(Stored data)
■ ■ ■ ■ ■ ■ ■
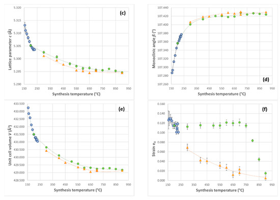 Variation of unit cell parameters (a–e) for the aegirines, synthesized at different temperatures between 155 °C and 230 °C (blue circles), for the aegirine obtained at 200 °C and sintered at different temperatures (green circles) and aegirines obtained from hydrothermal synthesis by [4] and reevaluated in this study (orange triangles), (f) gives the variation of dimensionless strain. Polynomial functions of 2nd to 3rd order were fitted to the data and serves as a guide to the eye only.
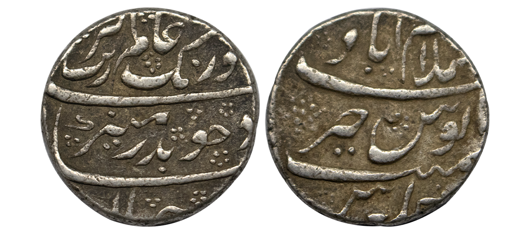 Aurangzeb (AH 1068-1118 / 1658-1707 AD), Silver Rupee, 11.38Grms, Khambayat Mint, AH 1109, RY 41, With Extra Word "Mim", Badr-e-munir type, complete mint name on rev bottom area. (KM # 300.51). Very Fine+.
■ ■ ■ ■ ■ ■ ■
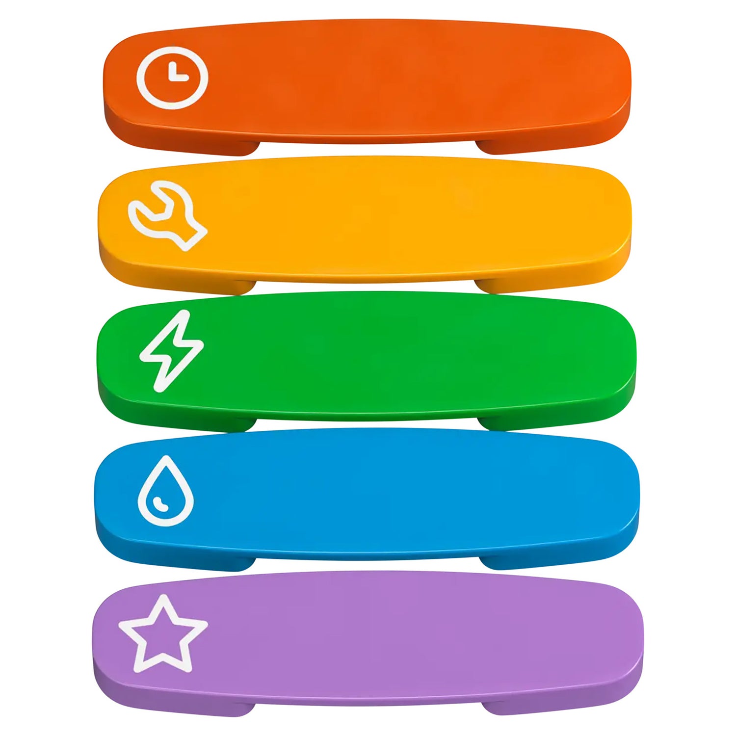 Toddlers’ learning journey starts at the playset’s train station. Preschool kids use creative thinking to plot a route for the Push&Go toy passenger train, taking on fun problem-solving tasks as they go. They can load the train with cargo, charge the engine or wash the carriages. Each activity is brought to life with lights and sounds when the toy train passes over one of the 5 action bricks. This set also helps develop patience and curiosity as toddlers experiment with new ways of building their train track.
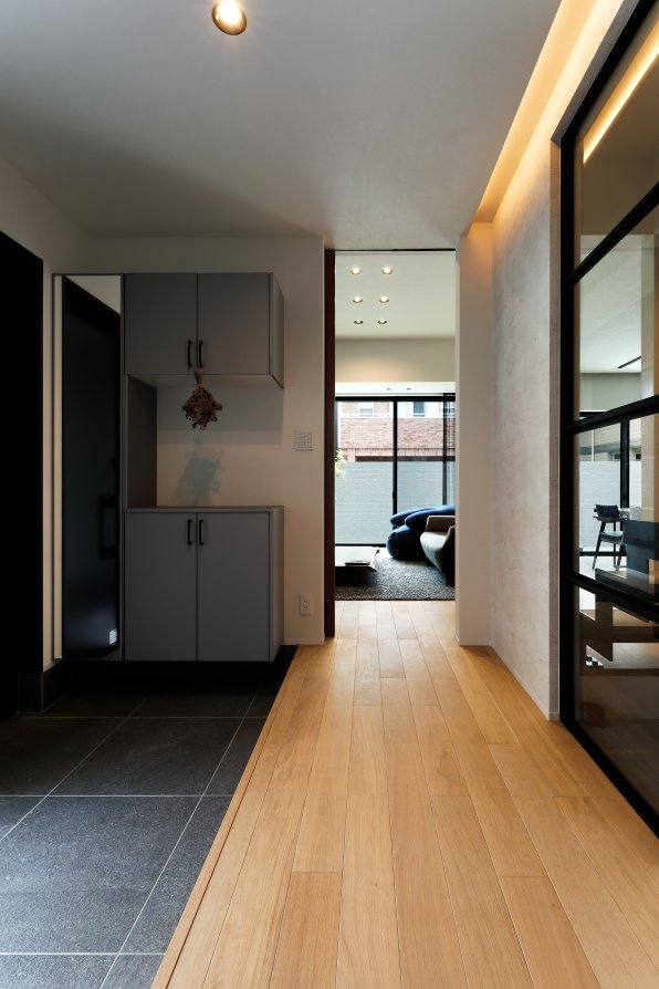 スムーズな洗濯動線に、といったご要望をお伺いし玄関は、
■ ■ ■ ■ ■ ■ ■
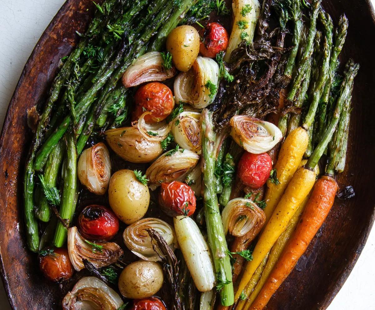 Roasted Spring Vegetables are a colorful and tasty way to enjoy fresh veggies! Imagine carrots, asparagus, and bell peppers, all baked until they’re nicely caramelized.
■ ■ ■ ■ ■ ■ ■
(Work request) Nothing but the lines above from the one that has "Variation of unit" down to the one that has "Aurangzeb (AH 1068-1118" belongs in the answer, copied exactly, without pictures.

(Output)
 Variation of unit cell parameters (a–e) for the aegirines, synthesized at different temperatures between 155 °C and 230 °C (blue circles), for the aegirine obtained at 200 °C and sintered at different temperatures (green circles) and aegirines obtained from hydrothermal synthesis by [4] and reevaluated in this study (orange triangles), (f) gives the variation of dimensionless strain. Polynomial functions of 2nd to 3rd order were fitted to the data and serves as a guide to the eye only.
 Aurangzeb (AH 1068-1118 / 1658-1707 AD), Silver Rupee, 11.38Grms, Khambayat Mint, AH 1109, RY 41, With Extra Word "Mim", Badr-e-munir type, complete mint name on rev bottom area. (KM # 300.51). Very Fine+.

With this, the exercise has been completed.